Researchers discover non-canonical ion channel activation pathway

The passage of ions through the cell membrane is controlled by ion channels, which are protein complexes that regulate vital processes, such as the heartbeat, and are a target of drug development. Now, a study at the University of Wisconsin, led by a Spanish researcher, presents a novel model to explain how the pores of these channels open and close.

Ion channels confer electrical and excitable capacities upon the cells, and are responsible for important cellular processes such as the generation and propagation of the heartbeat, the signal transmission between neurons, the secretion of neurotransmitters, and the diffusion of pain through the body. When ion channels fail, such problems as cardiac or neuronal pathologies occur.

"Due to their nature and function, they are magnificent therapeutic targets for drugs fighting high blood pressure, arrhythmias and other diseases, as well as the place where some arachnid or snake toxins act," says researcher Ana Fernández Mariño, who, during her stay in the University of Wisconsin (USA), found a new way of explaining how ion channels are activated.

These are transmembrane protein structures that act as a system of gates to regulate the passage of ions—potassium, sodium, calcium, chloride, etc.—through a pore. The pore is opened or closed by the stimuli coming from another region of the channel, called the voltage sensor, which detects changes in the electrical potential of the membrane.

Until now it was thought that the pore and the voltage sensor were coupled through a linker (a helix of about 15 amino acids), which can be triggered by the movement of the voltage sensor. This is the canonical vision of the coupling mechanism between the two parts of the ion channel.

But Fernández Mariño's research has discovered a non-canonical pathway, which involves an amino acid segment made up of part of the voltage sensor and part of the pore. These two segments adjust to each other like a zipper to trigger the opening or closing of the channel. The details are published in Nature Structural & Molecular Biology.

"To carry out the study, we used as a model a potassium channel named Shaker, together with mutagenesis, electrophysiology, fluorescence techniques, molecular dynamics simulations and energy calculations, with which we've been able to analyze the molecular pathways through which the coupling between the voltage sensor and the pore takes place," explains Fernández Mariño.

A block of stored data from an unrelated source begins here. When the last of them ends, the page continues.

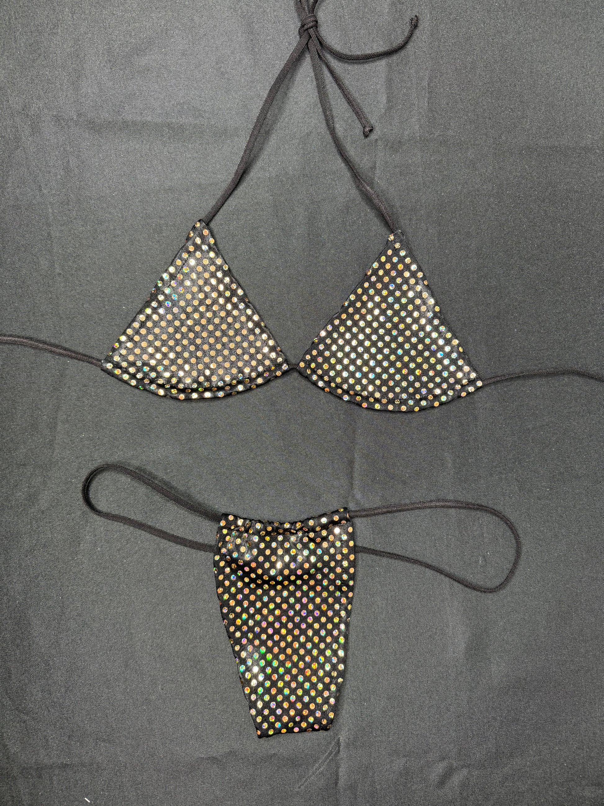 Gold Poke a Dot Two-Piece Micro Bikini Lingerie Outfit
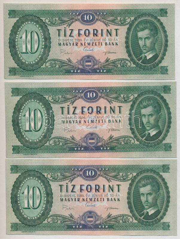 1969. 10Ft (3x) egymás utáni sorszámmal T:I
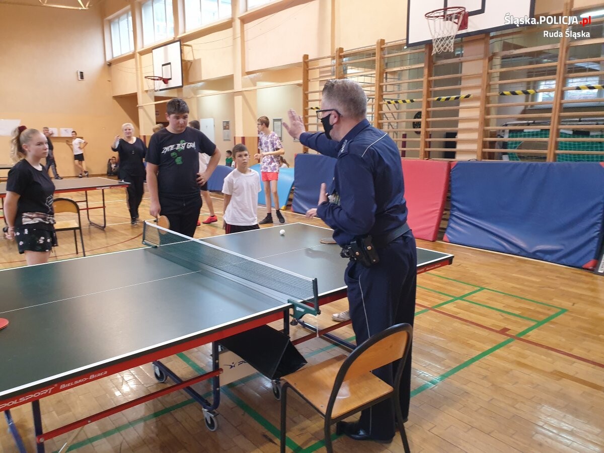 Dzielnicowy z rudzkiej jedynki - asp. szt. Marek Jeglorz wraz z dyrekcją i nauczycielami Szkoły Podstawowej nr 35 zorganizował kolejny Profilaktyczny Turniej Tenisa Stołowego, nad którym patronat objął Komisariat Policji I w Rudzie Śląskiej. W eliminacjach i samym turnieju brało udział 12 uczniów. Był to też dobry czas, aby przybliżyć uczestnikom nie tylko zasady fair play, ale i bezpieczeństwa w szkole i poza nią.
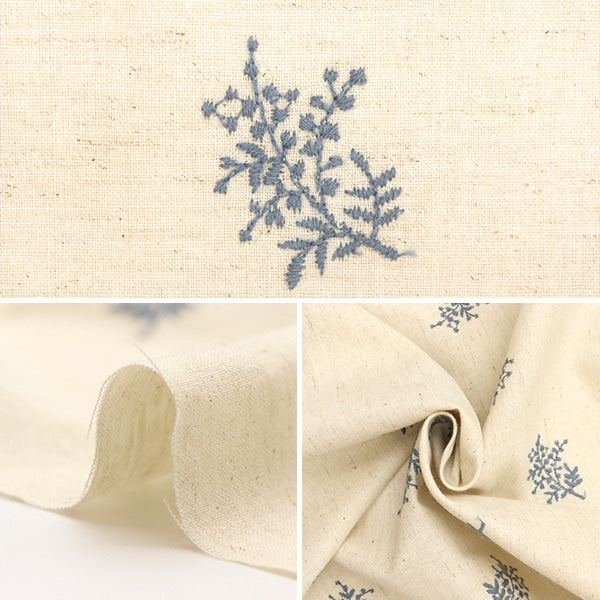 [刺繍 ししゅう キナリ きなり 生成 グレー 灰色 花柄 布 コットンリネン コットン リネン]
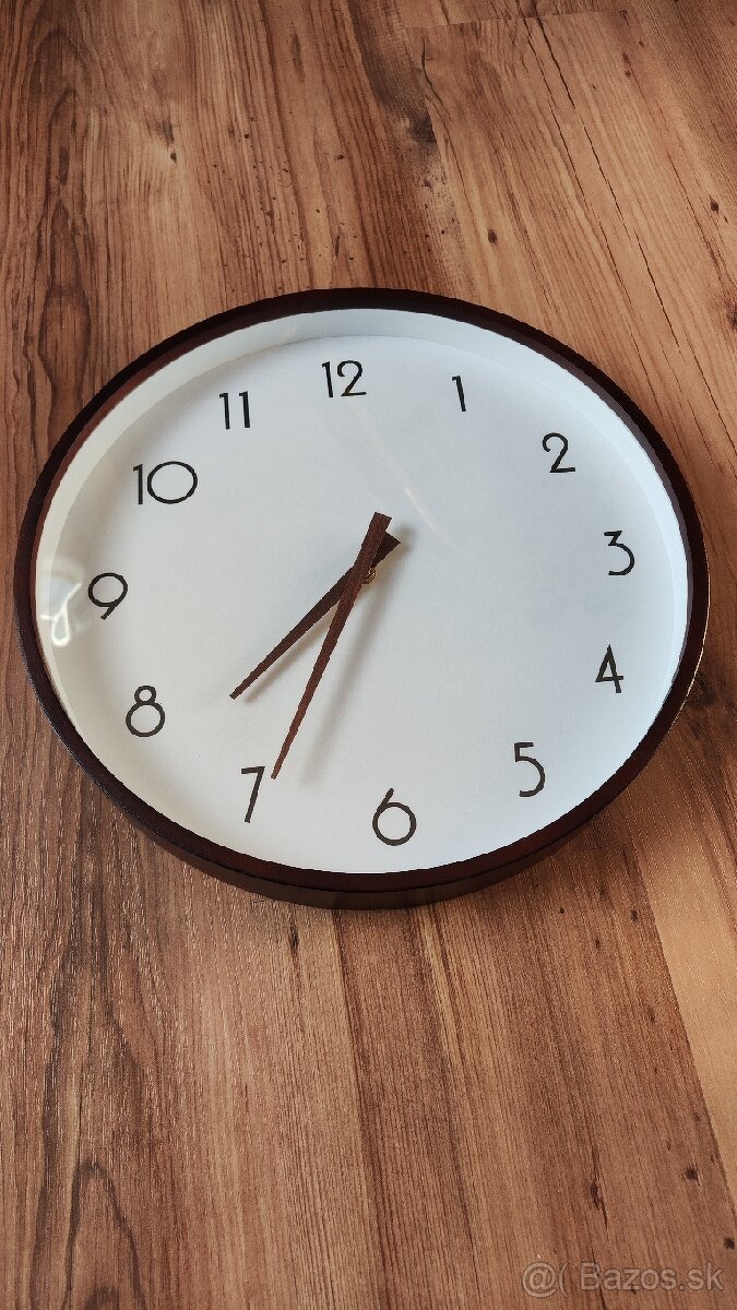 Predám nástenné hodiny na stenu. Materiál drevo v tmavohnedej farbe (odtieň orech). Priemer 35 cm. Napájanie 1x AA batéria.
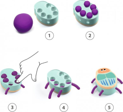 děti vyplní modelínou otvory v broučcích a zatlačí do nich prsty, aby modelína vycházela po stranách obracejí tvar a ta-da - jsou tam krásní broučci včetně nožiček po dokončení vyjmou modelínu z otvorů a mohou začít znovu...zábava je nekonečná. modelovací aktivita, při které jsou děti vedeny k tomu, aby samy zpracovaly modelínu ultra měkká hmota na hraní, která je ideální pro malé ručičky barevný obrázkový návod
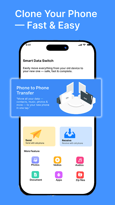 Whether you're changing phones or just need a reliable way to share your content, this powerful phone cloning and data transfer app lets you send files, apps, photos, videos, music, contacts, documents, and more — without limits and without needing Wi-Fi or mobile data!

The new approach helps to explain recent discoveries that some ion channels regulated by voltage such as the so-called human ether à-go-go related gene (hERG) barely have a linker. It is a fragment of only five amino acids and dispensable for the coupling between the two pieces.

"Our study therefore opens the debate on how ion channels in general respond to voltage signals following the non-canonical path, which is valid for both the Shaker type with its well-structured linker and those of the hERG family and others that barely have a linker," Fernández Mariño says. "If we gain a better understanding of how these ion channels work, we will better understand the physiological mechanisms they regulate, as well as their pathologies, and this will help us design new drugs to improve our quality of life."